Search code examples
rmatrixsparse-matrixtmcosine-similarity

Calculate Cosine Similarity between two documents in TermDocumentMatrix of tm Package in R


My task is to compare documents in a corpus by the cosine similarity. I use tm package and obtain the TermDocumentMatrix (in td-idf form) tdm. The following task should as simple as stated in here

d <- dist(tdm, method="cosine")

or

cosine_dist_mat <- 1 - crossprod_simple_triplet_matrix(tdm)/(sqrt(col_sums(tdm^2) %*% t(col_sums(tdm^2))))

However, the number of terms in my tdm is quite large, more than 120,000 (with around 50,000 documents). It is beyond the capability of R to handle such matrix. My RStudio crashed several times.

My questions are 1) how can I handle such a large matrix and get the pair-wise (120,000*120,000) cosine similarity? 2) if impossible, how can I just get the cosine similarity of only two documents at one time? Suppose I want the similarity between document 10 and 21, then something like

sim10_21<-cosine_similarity(tdm, d1=10,d2=21)

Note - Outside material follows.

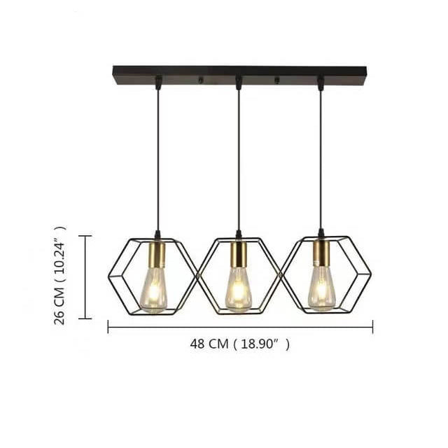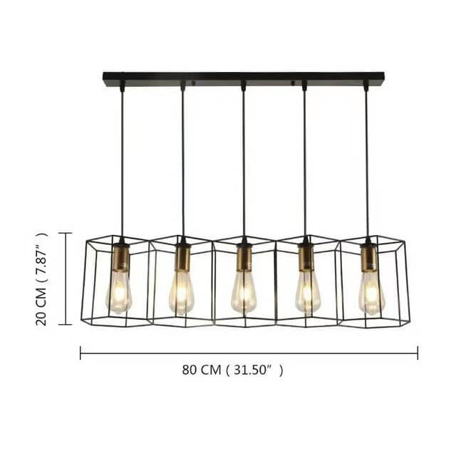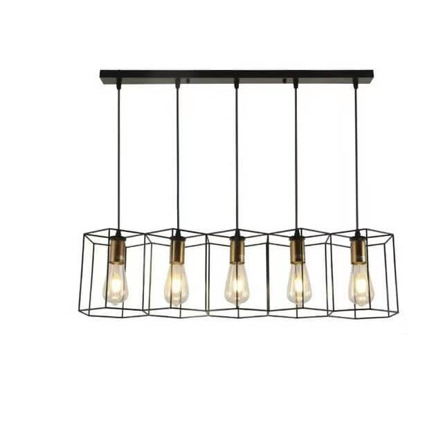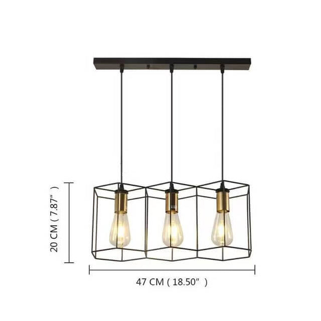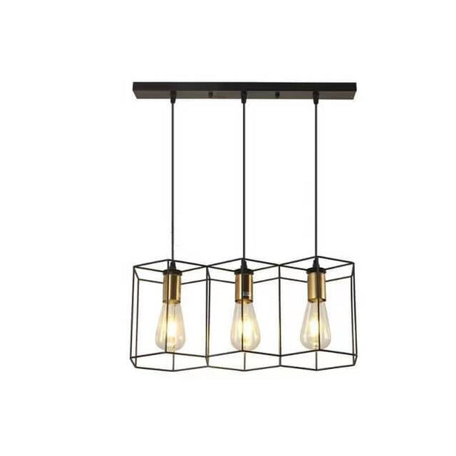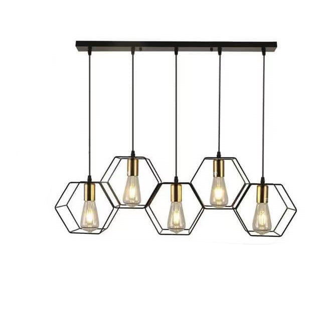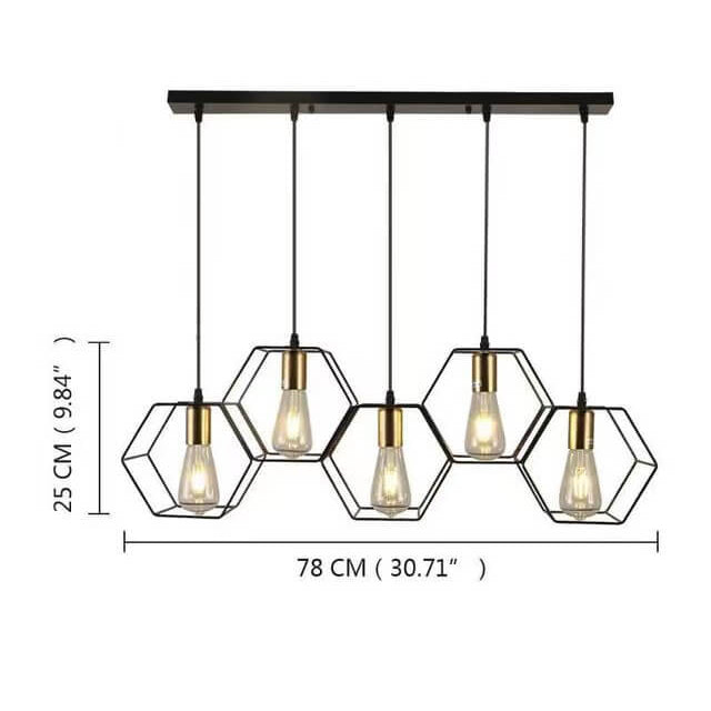 ثريا جزيرة بإطار حديدي متعدد الأضلاع بتصميم هندسي عصري من منتصف القرن، بثلاثة أضواء ونصف، لغرفة المعيشة

If tdm is a simple matrix, I can do the calculate on tdm[,c(10,21)]. However, to convert tdm to a matrix is exactly what I cannot handle. My questions ultimately boils down to how to do matrix-like calculate on tdm.


Solution

  • 120,000 x 120,000 matrix * 8 bytes (dbl float) = 115.2 gigabytes. This isn't necessarily beyond the capability of R, but you do need at least that much memory, regardless of what language you use. Realistically, you'll probably want to write to the disk, either using some database such as Sql (e.g. RSQLite package) or if you plan to only use R in your analysis, it might be better to use the "ff" package for storing/accessing large matrices on disk.

    You could do this iteratively and multithread it to improve the speed of calculation.

    To find the distance between two docs, you can do something like this:

    dist(t(tdm[,1]), t(tdm[,2]), method='cosine')